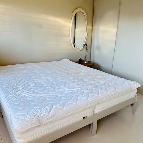 Pen dobbeltseng (medium hardhet) med lett tilgjengelig lagerplass under rammemadrassen. 8 cm latex overmadrass . Kjøpt i 2019, og har stått på et gjesterom på en hytte. Derav lite brukt, og fremstår nærmest som ny. Listepris i 2019 var kr. 16.500 (Møbelringen), tilsvarer nok rundt kr. 25.000 i dag. Kan etter avtale leveres innenfor rimelig avstand fra Tønsberg.
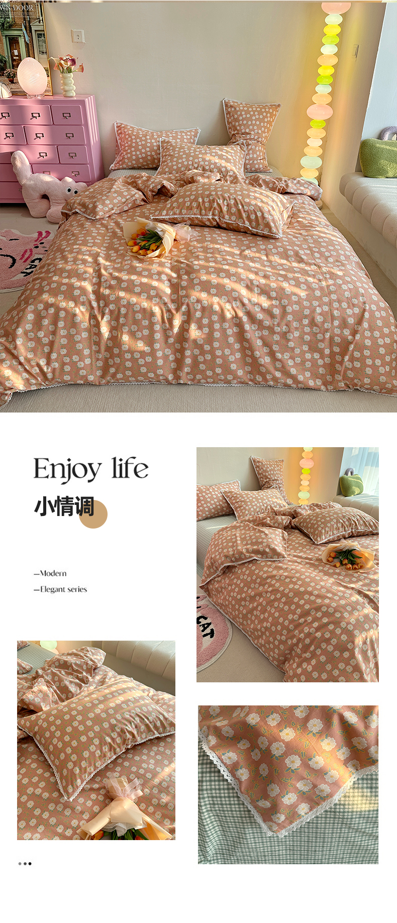 商品名称:千朵 2023新款全棉水洗带边四件套 小情调
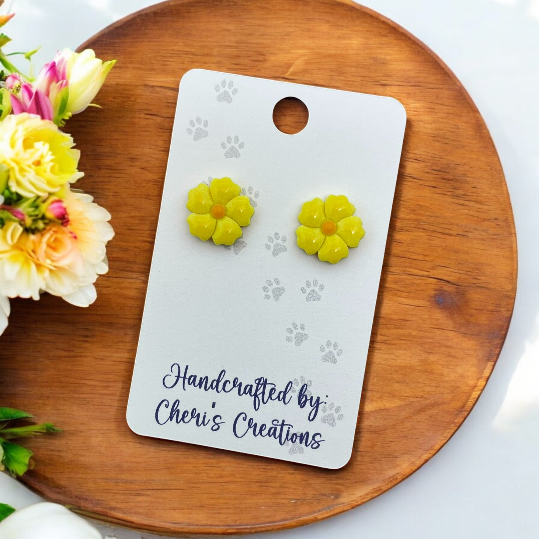 Yellow 5 Petal Flower Polymer Clay Stud Earrings
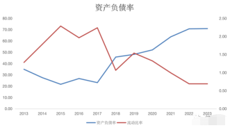 此外,钛媒体APP还发现公司资产负债在逐步升高。2017年之后,公司的资产负债率就急速攀升,2018年增加近23个百分点达到45.67%。并且资产负债率增长并没有停止,截至2023年6月底,公司的资产负债率已经拉高至70.88%。同时,公司流动比率不断下降,2023年中报降至0.68,短期偿债能力持续削弱。![]()
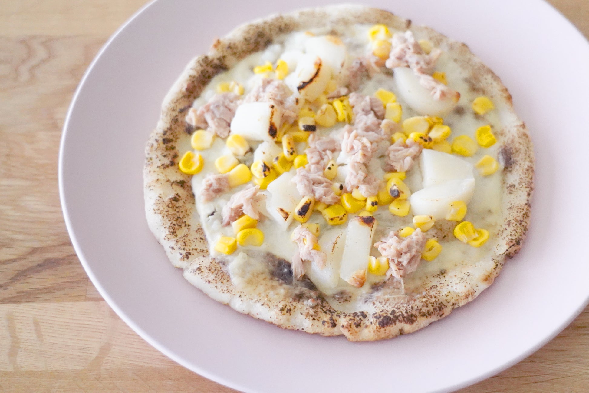 濃厚な豆乳クリームにツナの旨味とコーンの甘みが美味しいピッツァです。
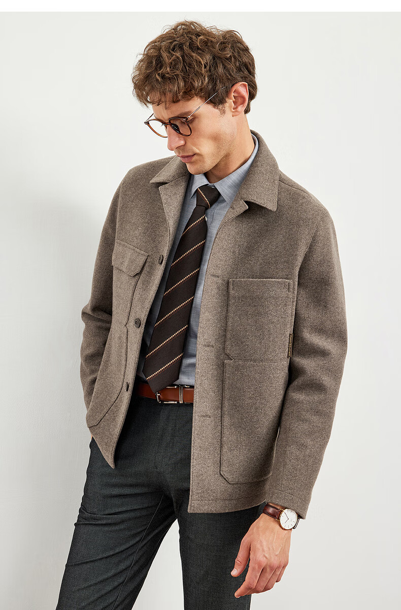 Septwolves woolen jacket men's autumn and winter woolen woolen material is thick, wide, easy to care for, warm business casual jacket
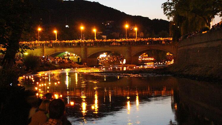 Inzwischen haben die Stadtwerke den Fluss, den sie am Wehr beim E-Werk aufgestaut hatten, wieder freigegeben, um die Fließgeschwindigkeit der Saale zu erhöhen. Es ist dunkel geworden, als eine Rakete vom Wehr das Kommando gibt, die Saale "brennen" zu lassen. Jetzt ist jede Hand gefragt. Die Lichter werden angezündet und Korb für Korb auf den Pontonsteg gebracht, um von dort eine viel bestaunte Reise anzutreten. Die Lichter schwimmen auf, wenn die Körbe darunter ins Wasser gestellt werden. Eine imposante Lichterkette erstreckt sich vom Ufer über den Fluss.

• • • •

(ABOUT THIS EXERCISE)
From the records above, transcribe exactly the lines starting at the one containing "Yellow 5 Petal" and ending at the one containing "Septwolves woolen jacket". Skip the pictures.

(TASK ANSWER)
 Yellow 5 Petal Flower Polymer Clay Stud Earrings
 此外,钛媒体APP还发现公司资产负债在逐步升高。2017年之后,公司的资产负债率就急速攀升,2018年增加近23个百分点达到45.67%。并且资产负债率增长并没有停止,截至2023年6月底,公司的资产负债率已经拉高至70.88%。同时,公司流动比率不断下降,2023年中报降至0.68,短期偿债能力持续削弱。![]()
 濃厚な豆乳クリームにツナの旨味とコーンの甘みが美味しいピッツァです。
 Septwolves woolen jacket men's autumn and winter woolen woolen material is thick, wide, easy to care for, warm business casual jacket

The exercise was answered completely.